= Bandwidth-sharing game =

Type of resource allocation game

A bandwidth-sharing game is a type of resource allocation game designed to model the real-world allocation of bandwidth to many users in a network. The game is popular in game theory because the conclusions can be applied to real-life networks.

== The game ==
The game involves $n$ players.
Each player $i$ has utility $U_i(x)$ for $x$ units of bandwidth.
Player $i$ pays $w_i$ for $x$ units of bandwidth and receives net utility of $U_i(x)-w_i$.
The total amount of bandwidth available is $B$.
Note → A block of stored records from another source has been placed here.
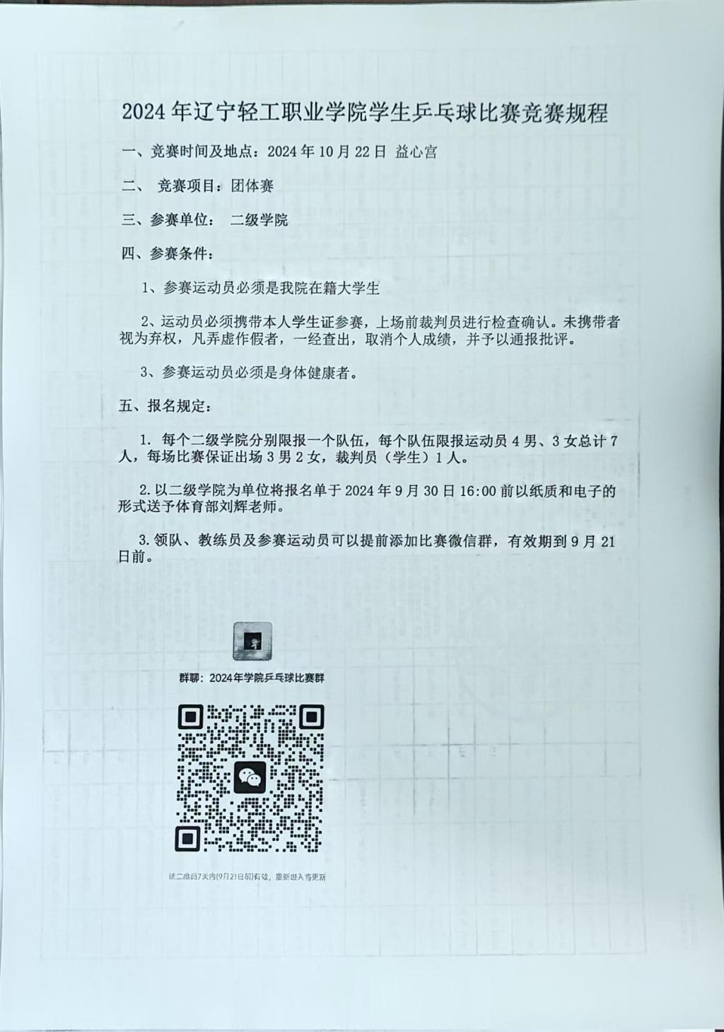 集团体育部下周二乒乓球比赛,规程如下。要求4男3女组成队伍,请有特长的同学积极参与,报名请联系班长。
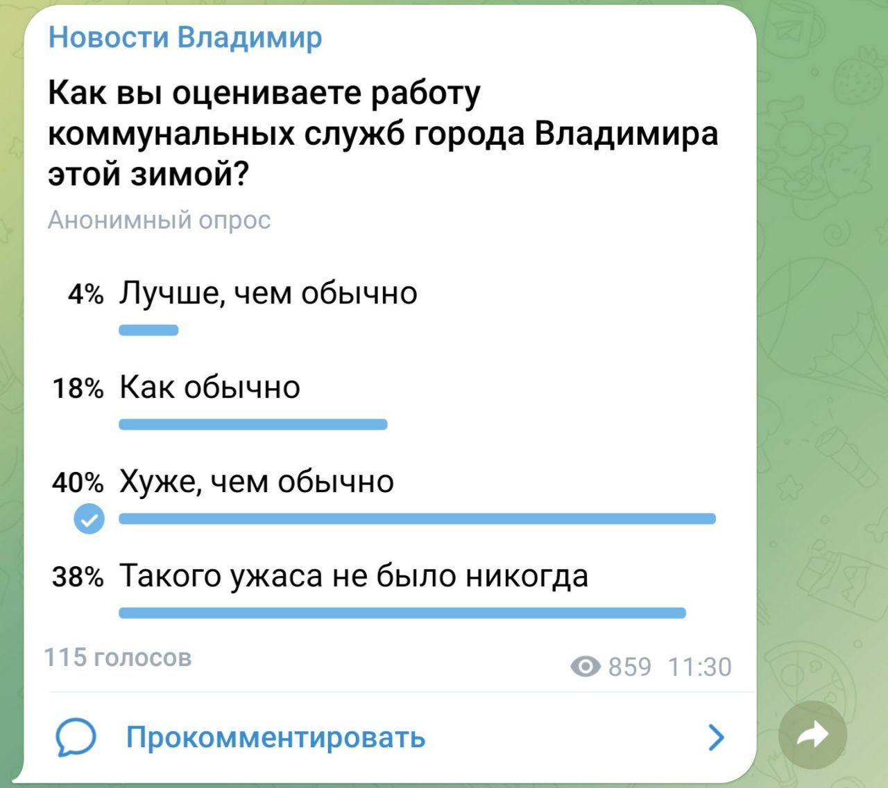 За Лучше, чем обычно проголосовало 4% (5 голосов) и это, наверное, представители городской мэрии в соцсетях 🤷♂️
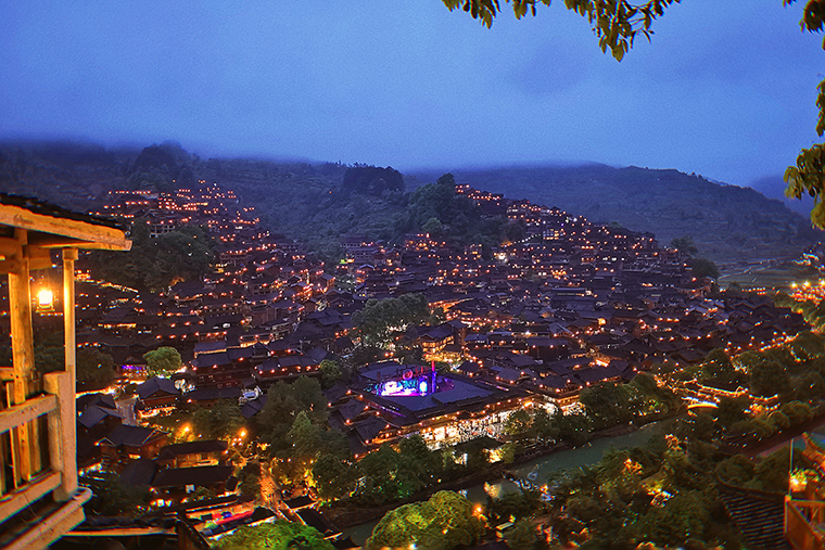 傍晚,虽然下着淅淅沥沥的小雨,但仍然抵挡不住绿之韵家人们观看夜景的激动心情。华灯初上,灯光点亮了山寨,如梦如诉,西江的夜景已经成为贵州的一张旅游名片。家人们在观景台上感受着夜幕下亮起的点点烛火,品味着大山深处的静谧与美好。
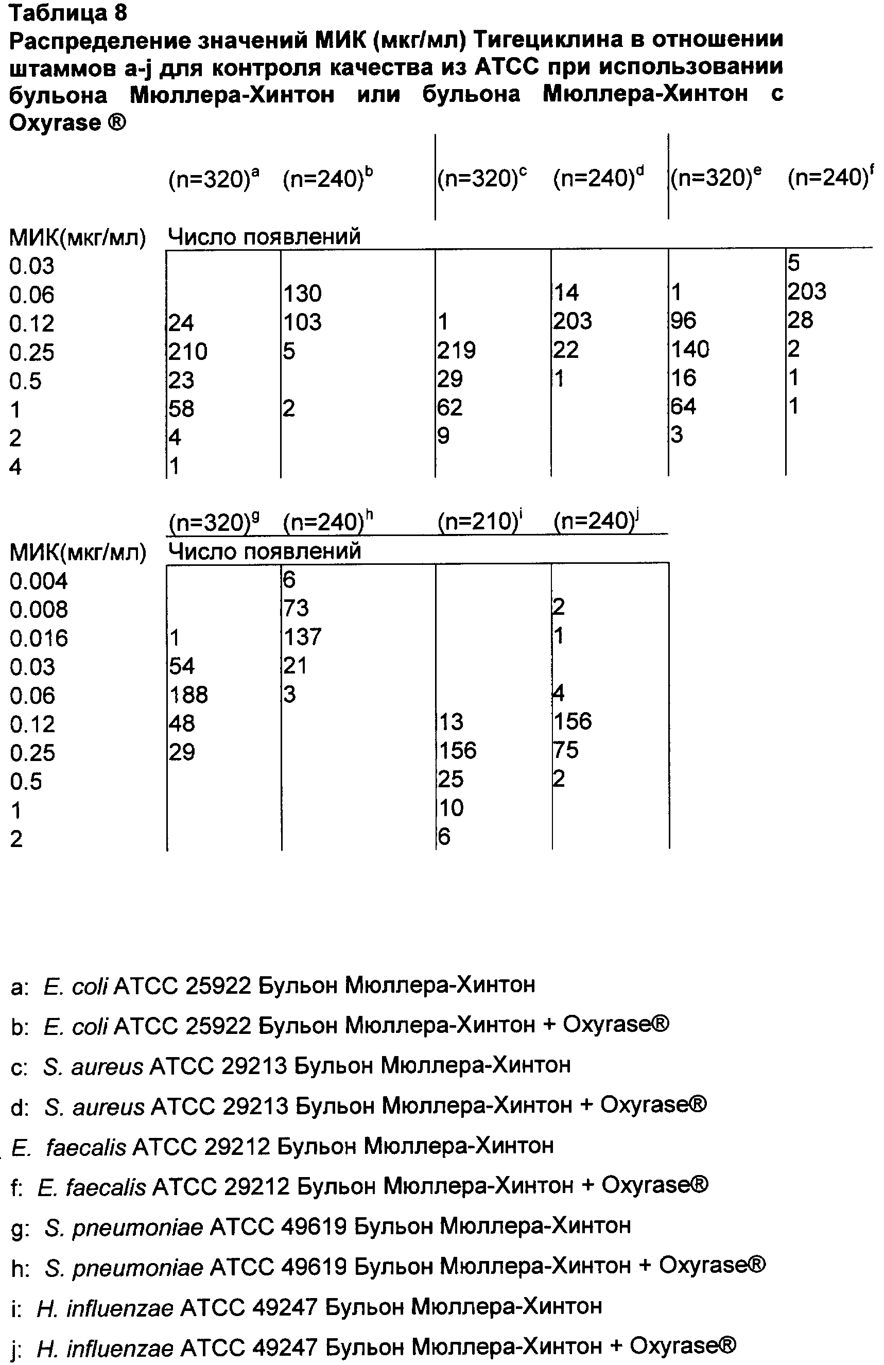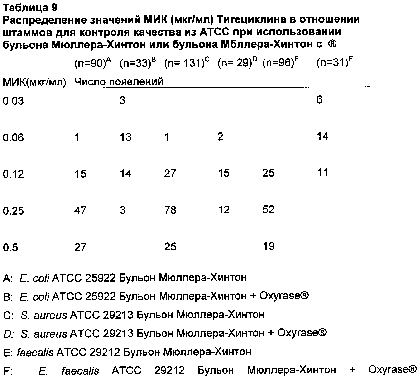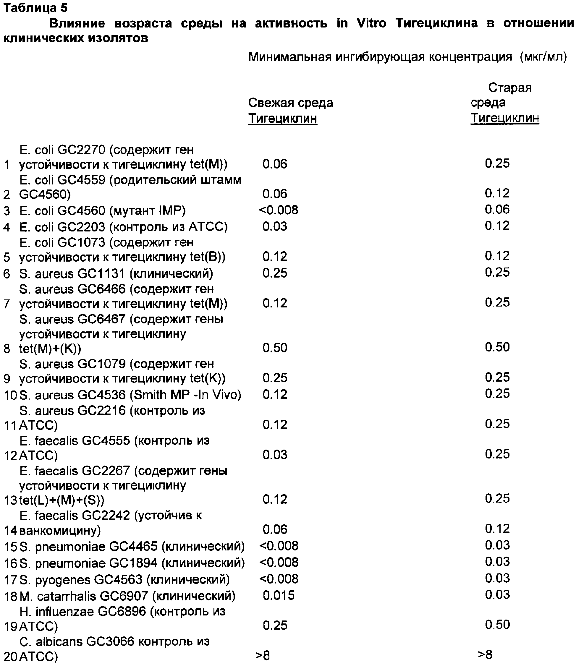 Активность in vitro тигециклина и контрольных антибиотиков определяли методом микроразведений в бульоне, выполняемым согласно рекомендациям NCCLS. (National Committee for Clinical Laboratory Standards, 2003. Национальный Комитет по клиническим лабораторным стандартам США (NCCLS), 2003. Methods for Dilution Antimicrobial Susceptibility Tests for Bacteria That Grow Aerobically (Методы разведении для анализа антимикробной чувствительности бактерий, растущих в аэробных условиях); Утвержденные стандарты: М7-А6, 6-е издание, том 23. Национальный Комитет по клиническим и лабораторным стандартам США (NCCLS, Уэйн, Пенсильвания) применяли для стандартных процедур. Для анализа S. pneumoniae применяли бульон Мюллера-Хинтон с 5% лизированной крови лошади, а для анализа Н. influenzae применяли Haemophilus Test Medium (среда для тестирования гемофил). Oxyrase® (Oxyrase Inc, Mansfield, ОН) применяли, следуя инструкциям производителя: добавляли 1 мл Oxyrase® к 50 мл среды. Исследования влияния (эффекта) возраста среды проводили путем приготовления бульона Мюллера-Хинтон в наборе колб с последующим хранением среды в разных условиях. Определение МИК обычно проводили в дупликатах в каждый день анализа. Хранение в анаэробных условиях осуществляли в анаэробной камере (MACS MG 1000, Don Whitley Scientific LTD). pH среды измеряли при помощи рН-метра (Corning 430). Сравнение активности тигециклина in vitro в отношении клинических изолятов по методикам микроразведений в агаре и бульоне, с Oxyrase® и без нее показано в Таблице 1.
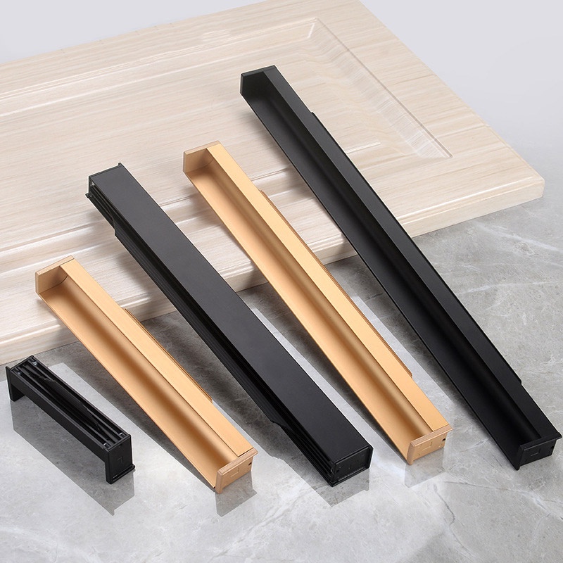 100mm-500mm Hidden Door Handle Black Gold Embedded Handle Aluminum alloy Door Invisible Cabinet Handle Recessed Pulls Knob Furniture Hardware
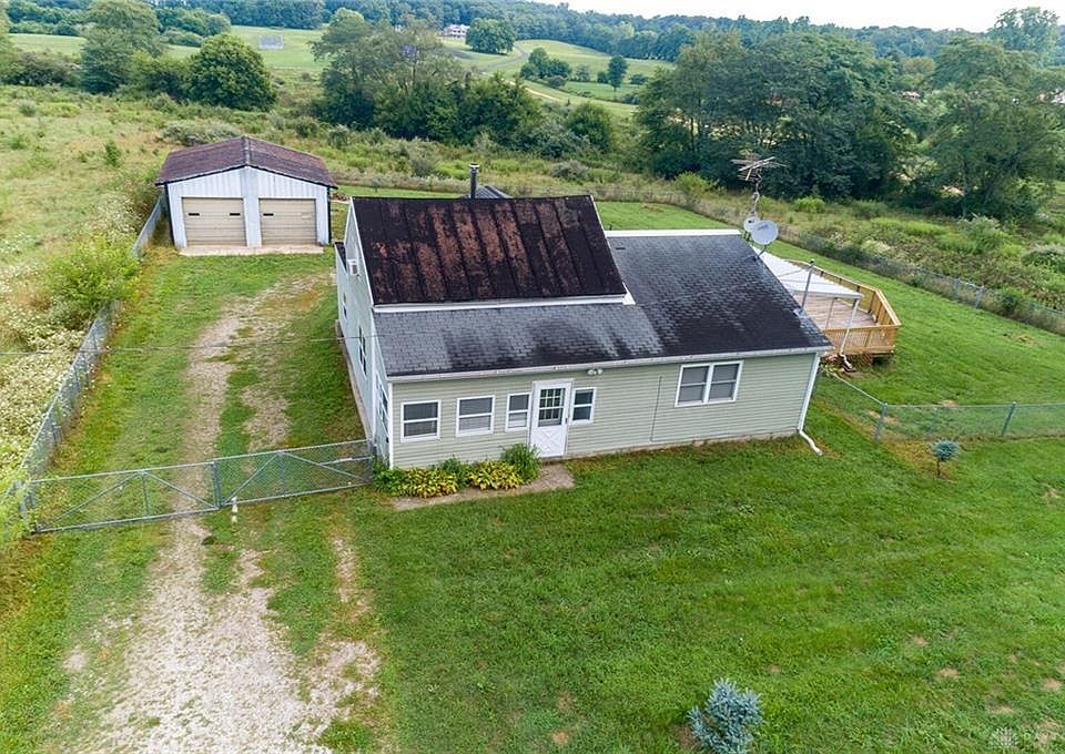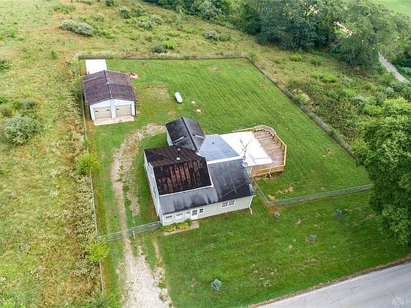 Peaceful Country Setting; Situated on over a Half Acre Lot! This Charming Cape Cod Features a Front Enclosed Porch, 3 Decent Size Bedrooms, 1 Full Bath; Entry Opens into a Spacious Living Room, Family Room with Wood Floors features a Bar, Built-In Shelving and a stairwell that leads you to the 3rd Bedroom; Master includes Double Closets. The Delightful Kitchen is Highlighted with Custom Wood Cabinets, Counter Space, New Flooring, Breakfast Bar, Range, Refrigerator and Dishwasher. Utility Room is just off the Kitchen. Step outside onto the Covered Patio with a Huge Deck to enjoy spectacular views of serene surroundings; 2 Car Detached Garage, Fenced in Yard. It's the best of country living while close to WPAFB, WSU, Highways, Restaurants and Shopping. Propane Tank is not owned. Neat and Clean and Ready to Go!

Regarding $U_i(x)$, we assume
- $U_i(x)\ge0;$
- $U_i(x)$ is increasing and concave;
- $U(x)$ is continuous.

The game arises from trying to find a price $p$ so that every player individually optimizes their own welfare. This implies every player must individually find $\underset x{\operatorname{arg\,max}}\,U_i(x)-px$. Solving for the maximum yields $U_i^'(x)=p$.

== Problem ==
With this maximum condition, the game then becomes a matter of finding a price that satisfies an equilibrium. Such a price is called a market clearing price.

== Possible solution ==

A popular idea to find the price is a method called fair sharing. In this game, every player $i$ is asked for the amount they are willing to pay for the given resource denoted by $w_i$. The resource is then distributed in $x_i$ amounts by the formula $x_i=\frac{w_i B}{\sum_jw_j}$. This method yields an effective price $p=\frac{\sum_jw_j}{B}$.
This price can proven to be market clearing; thus, the distribution $x_1,...,x_n$ is optimal. The proof is as so:

== Proof ==
We have
$\underset{x_i}{\operatorname{arg\,max}}\,U_i(x_i)-w_i$
$= \underset{w_i}{\operatorname{arg\,max}}\,U_i\left(\frac{w_i B}{\sum_jw_j}\right)-w_i$.
Hence,
$U^'_i\left(\frac{w_i B}{\sum_jw_j}\right)\left(\frac{B}{\sum_jw_j}-\frac{w_i B}{(\sum_jw_j)^2}\right)-1=0$

from which we conclude

$U^'_i(x_i)\left(\frac{1}{p}-\frac{1}{p} \left( \frac{x_i}{B}\right)\right)-1=0$

and thus
$U^'_i(x_i)\left(1-\frac{x_i}{B}\right)=p.$

Comparing this result to the equilibrium condition above, we see that when $\frac{x_i}{B}$ is very small, the two conditions equal each other and thus, the fair sharing game is almost optimal.